* ASSIGNED TASK:
Provide an exact copy of the data, excluding the images.

Start of GIVEN RECORDS

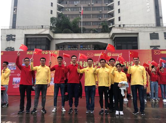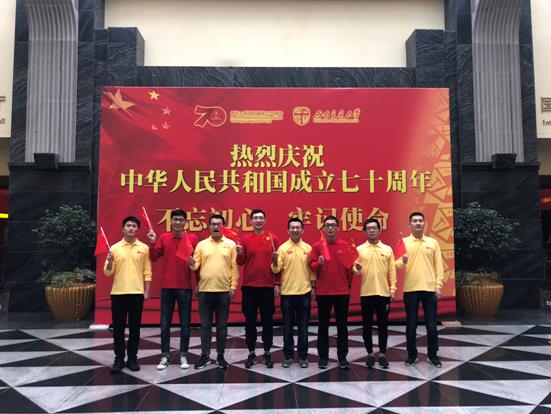 首先,在10月1号早晨,支部党员在学校0号综合楼前观看学校组织的升旗仪式。当天早晨,虽有秋雨当头,可支部党员观看升旗仪式的积极态度和分外热情却丝毫不减。按时到场、组织有序、态度严肃认真、精神饱满士气足,无不彰显着支部党员对本次升旗仪式的重视和认真。雄壮的《义勇军进行曲》奏响,支部党员同参加其他参加升旗仪式的同学高唱国歌,目送熠熠生辉的灿烂五星红旗升起。升旗结束后,全体参加人员同唱歌曲“我和我的祖国”,并高呼对祖国的祝语完成献礼祖国母亲微视频的拍摄。
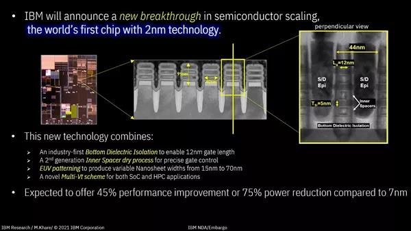 IBM 3层GAA奈米片,每片奈米片宽40奈米,高5奈米,间距44奈米,栅极长度12 奈米。IBM表示,晶片首次使用底部电介质隔离,达成12奈米栅极长度,可以减少电流泄漏,有助于减少晶片功耗。
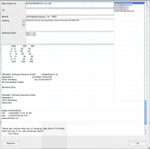 In OfficeV12 wurde das Senden von Belegen als PDF oder Textmail vollständig überarbeitet. In einem Dialogfenster werden nun folgende Ergänzungsmöglichkeiten geboten: Ändern und ergänzen der Empfängeradressen, dabei werden alle Mailadressen aus der OfficeNo1 Datenbank über eine Auswahlliste angeboten, die mit…
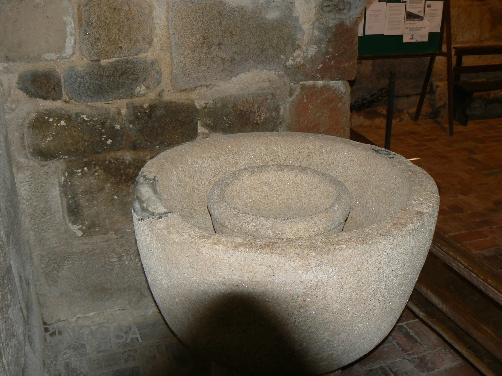 Entrada principal virada a poente. Algumas relíquias menos elaboradas estão aqui expostas, fazendo lembrar o local primitivo (nártex) onde se mantinha quem não podia entrar no templo; onde param as restantes, que estão expostas no livro A IGREJA DE S. PEDRO DE LOUROSA? Mania de retirarem do local primitivo os bens de uma povoação pequena, para engordarem algum museu de cidade. Mentalidade provinciana de certa elite dita de superior intelectualidade.
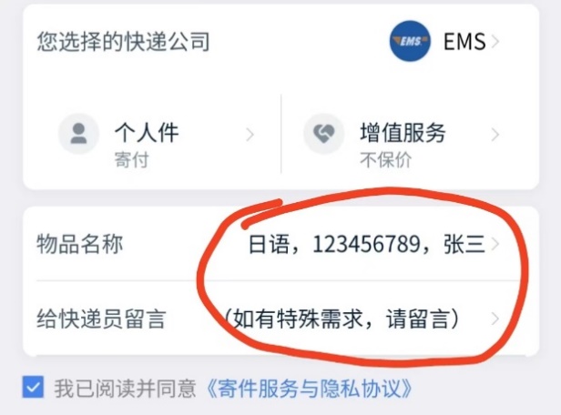 并务必在“物品名称”处备注:
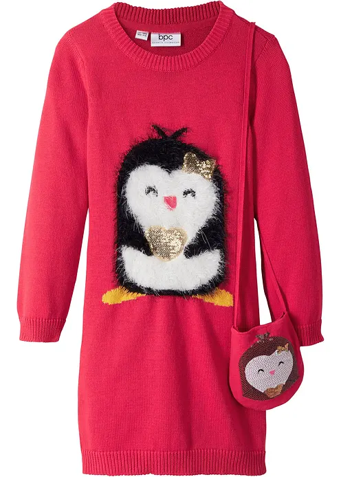 Weihnachtliches Strickkleid mit niedlichem Flauscheinsatz in Pinguin-Form und kleiner Tasche
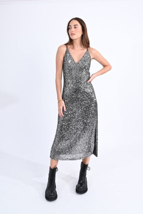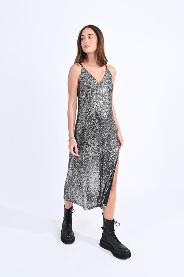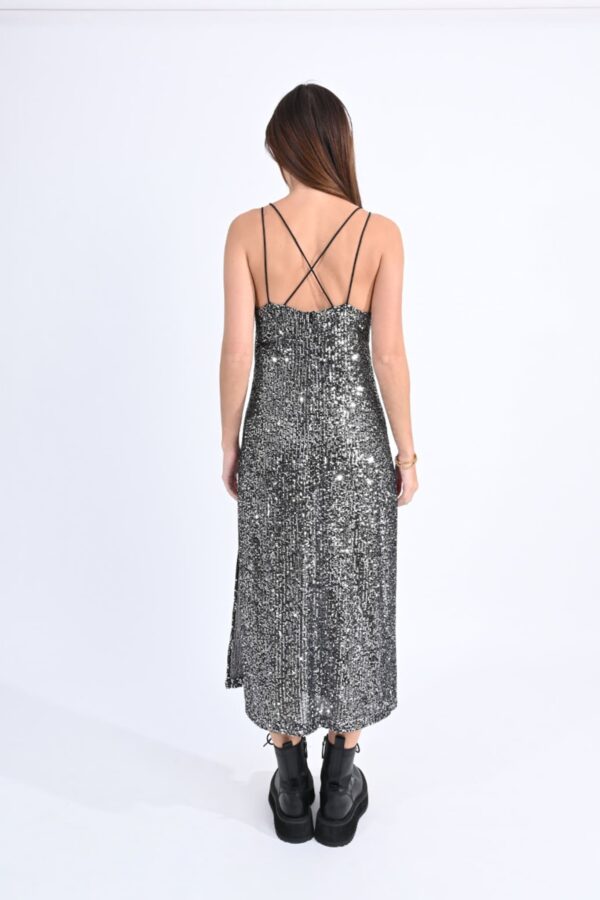 Long sequin dress, slit on one side and thin straps crossed in the back. Perfect for the festive party season.
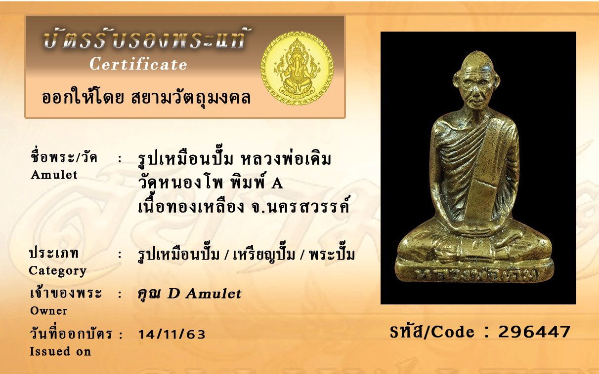 รหัสสินค้า : 296448 รูปเหมือนหลวงพ่อเดิม วัดหนองโพ พิมพ์ A เนื้อทองเหลือง จ.นครสวรรค์
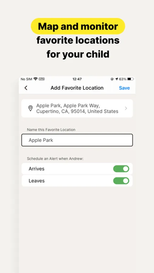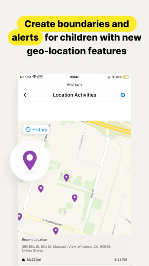 Use geo-location features in the app to track your child’s location (4). Plus, receive alerts if you’re your child arrives in or goes beyond areas of interest established by you, using geo-location tools.
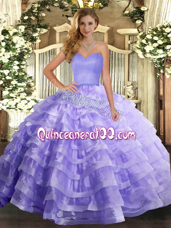 Neckline : SweetheartShown Color : LavenderSilhouette : Ball GownsSleeve Length : sleevelessHemline : floor lengthBack Detail : Lace upFabric : OrganzaEmbellishment : Ruffled LayersOccasion : Military Ball,Sweet 16,QuinceaneraSeason : Spring,Summer,Fall,Winter
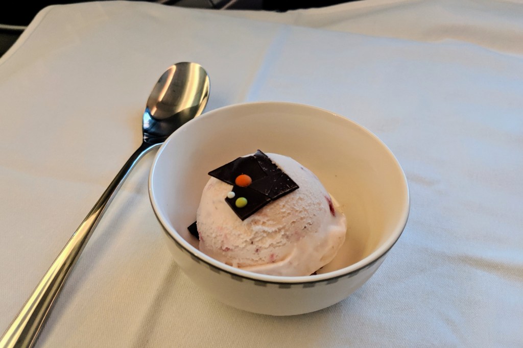 For dessert, there was a choice between the ice cream and a tiramisu. If you have followed me long enough, you will know that I will almost always go for the ice cream. My previous experience with SIA business class desserts have always been disappointing as they tend to ‘overdo’ it, for example adding toppings to the ice cream. However, the ice cream this time round turns out pretty perfect if you ask me: a simple scoop of strawberry ice cream, topped with just a simple wedge of chocolate.
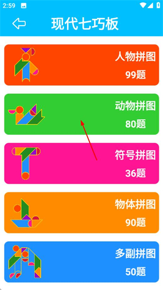 2、在现代七巧板分类页面选择目标拼图类型,进入对应拼图关卡页。
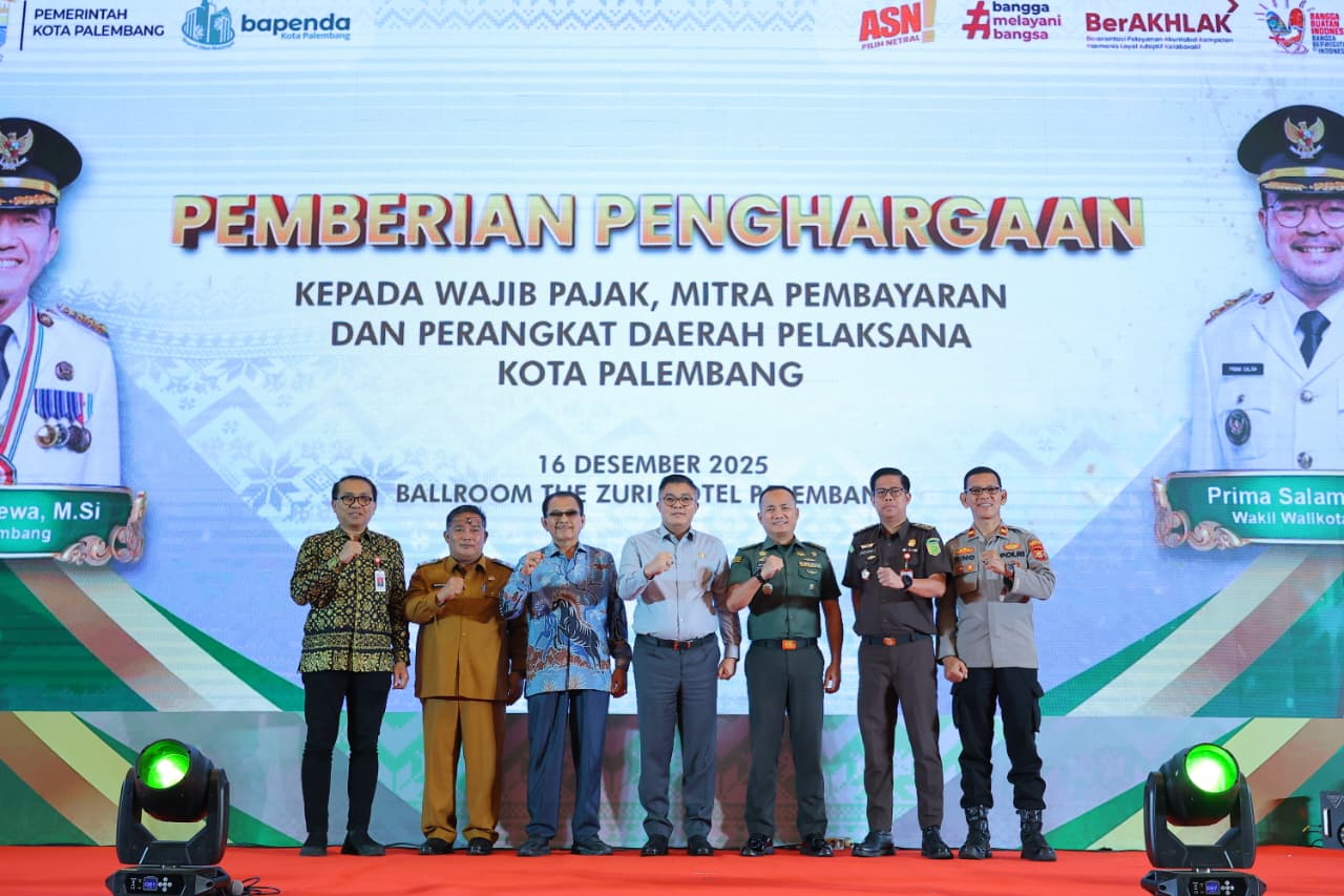 MAKLUMATNEWS.com Palembang—– Badan Pengelola Pendapatan Daerah (BAPENDA) Kota Palembang menggelar acara pemberian penghargaan kepada para Wajib Pajak, Mitra Pembayaran, serta Perangkat Daerah Pelaksana yang telah menunjukkan kontribusi luar biasa dalam mendukung optimalisasi penerimaan pajak daerah sepanjang tahun 2025.
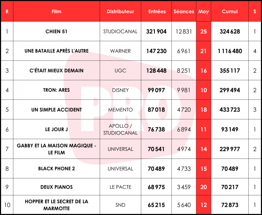 Chien 51 attire plus de 320 000 spectateurs (325 000 avant-première (AP) incluses) pour son week-end de lancement, soit une moyenne de 25 entrées par séance (e/s). S’il se hisse au cinquième rang des meilleurs démarrages pour un film français cette année, le thriller futuriste de Cédric Jimenez signe également un résultat assez proche de Bac Nord (327 000 entrées, 30 e/s, 363 000 avec AP). En revanche, il ne réédite pas la performance de Novembre et ses 460 000 tickets écoulés (40 e/s et 500 000 avec AP). Autre dystopie tricolore, Le Règne animal s’élançait à 168 000 billets (24 e/s, 180 000 avec AP).

End of GIVEN RECORDS

* WRITTEN SOLUTION:
 首先,在10月1号早晨,支部党员在学校0号综合楼前观看学校组织的升旗仪式。当天早晨,虽有秋雨当头,可支部党员观看升旗仪式的积极态度和分外热情却丝毫不减。按时到场、组织有序、态度严肃认真、精神饱满士气足,无不彰显着支部党员对本次升旗仪式的重视和认真。雄壮的《义勇军进行曲》奏响,支部党员同参加其他参加升旗仪式的同学高唱国歌,目送熠熠生辉的灿烂五星红旗升起。升旗结束后,全体参加人员同唱歌曲“我和我的祖国”,并高呼对祖国的祝语完成献礼祖国母亲微视频的拍摄。
 IBM 3层GAA奈米片,每片奈米片宽40奈米,高5奈米,间距44奈米,栅极长度12 奈米。IBM表示,晶片首次使用底部电介质隔离,达成12奈米栅极长度,可以减少电流泄漏,有助于减少晶片功耗。
 In OfficeV12 wurde das Senden von Belegen als PDF oder Textmail vollständig überarbeitet. In einem Dialogfenster werden nun folgende Ergänzungsmöglichkeiten geboten: Ändern und ergänzen der Empfängeradressen, dabei werden alle Mailadressen aus der OfficeNo1 Datenbank über eine Auswahlliste angeboten, die mit…
 Entrada principal virada a poente. Algumas relíquias menos elaboradas estão aqui expostas, fazendo lembrar o local primitivo (nártex) onde se mantinha quem não podia entrar no templo; onde param as restantes, que estão expostas no livro A IGREJA DE S. PEDRO DE LOUROSA? Mania de retirarem do local primitivo os bens de uma povoação pequena, para engordarem algum museu de cidade. Mentalidade provinciana de certa elite dita de superior intelectualidade.
 并务必在“物品名称”处备注:
 Weihnachtliches Strickkleid mit niedlichem Flauscheinsatz in Pinguin-Form und kleiner Tasche
 Long sequin dress, slit on one side and thin straps crossed in the back. Perfect for the festive party season.
 รหัสสินค้า : 296448 รูปเหมือนหลวงพ่อเดิม วัดหนองโพ พิมพ์ A เนื้อทองเหลือง จ.นครสวรรค์
 Use geo-location features in the app to track your child’s location (4). Plus, receive alerts if you’re your child arrives in or goes beyond areas of interest established by you, using geo-location tools.
 Neckline : SweetheartShown Color : LavenderSilhouette : Ball GownsSleeve Length : sleevelessHemline : floor lengthBack Detail : Lace upFabric : OrganzaEmbellishment : Ruffled LayersOccasion : Military Ball,Sweet 16,QuinceaneraSeason : Spring,Summer,Fall,Winter
 For dessert, there was a choice between the ice cream and a tiramisu. If you have followed me long enough, you will know that I will almost always go for the ice cream. My previous experience with SIA business class desserts have always been disappointing as they tend to ‘overdo’ it, for example adding toppings to the ice cream. However, the ice cream this time round turns out pretty perfect if you ask me: a simple scoop of strawberry ice cream, topped with just a simple wedge of chocolate.
 2、在现代七巧板分类页面选择目标拼图类型,进入对应拼图关卡页。
 MAKLUMATNEWS.com Palembang—– Badan Pengelola Pendapatan Daerah (BAPENDA) Kota Palembang menggelar acara pemberian penghargaan kepada para Wajib Pajak, Mitra Pembayaran, serta Perangkat Daerah Pelaksana yang telah menunjukkan kontribusi luar biasa dalam mendukung optimalisasi penerimaan pajak daerah sepanjang tahun 2025.
 Chien 51 attire plus de 320 000 spectateurs (325 000 avant-première (AP) incluses) pour son week-end de lancement, soit une moyenne de 25 entrées par séance (e/s). S’il se hisse au cinquième rang des meilleurs démarrages pour un film français cette année, le thriller futuriste de Cédric Jimenez signe également un résultat assez proche de Bac Nord (327 000 entrées, 30 e/s, 363 000 avec AP). En revanche, il ne réédite pas la performance de Novembre et ses 460 000 tickets écoulés (40 e/s et 500 000 avec AP). Autre dystopie tricolore, Le Règne animal s’élançait à 168 000 billets (24 e/s, 180 000 avec AP).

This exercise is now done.